Suami Pengamen Menjadi Miliarder

Suami Pengamen Menjadi Miliarder
Bab 52


__ADS_3

Tari yang melihat Linda ketakutan, dia menghampirinya dan duduk di sampingnya " Jangan Khawatir , kami tidak akan melukaimu " Tari mengelus punggung Linda sambil tersenyum.


Linda menoleh kearah Tari , dia melihat senyum di wajah Tari yang begitu tulus , Seketika Linda merasa bersalah saat mengingat kembali Rencana Rudi.


Linda menundukan kepalanya , dia tidak berani menatap Wajah Tari , Linda merasa dia tidak pantas berada ditempat tersebut, pasalnya dia juga setuju saat Deril Menawarkan diri untuk membantunya untuk Membunuh Tari.

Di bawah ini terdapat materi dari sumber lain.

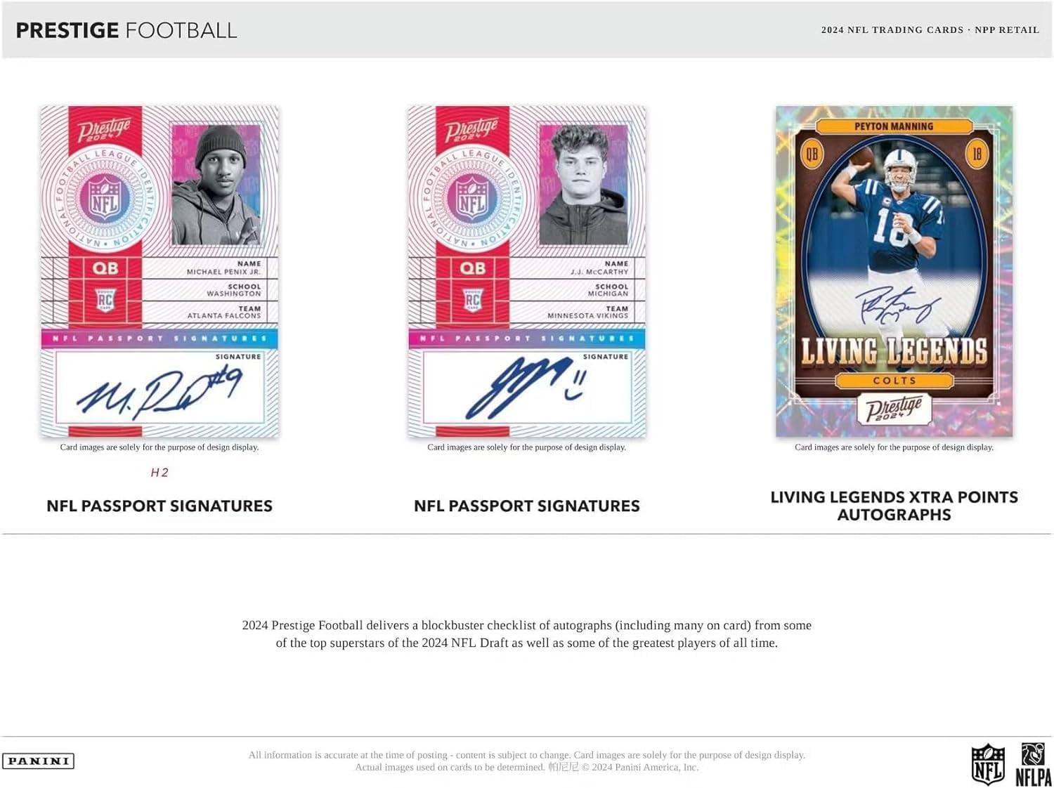 AUTOGRAPHS: 2024 Prestige Football delivers a blockbuster checklist of autographs (including many on card) from some of the top superstars of the 2024 NFL Draft as well as some of the greatest players of all time.

Sebenarnya bukan Salah Linda, Linda hanya menjadi korban Ke egoisan Rudi Karena terlalu bersemangat saat Merusak hubungan Narndra dan Tari.


Linda yang mencintai Rudi , tentu saja tidak Rela jika Kekasihnya di suruh balikan lagi dengan mantannya, pada saat itu yang membuat Linda Marah ,Rudi menerima tawaran tersebut dan Memutuskan Linda secara sepihak.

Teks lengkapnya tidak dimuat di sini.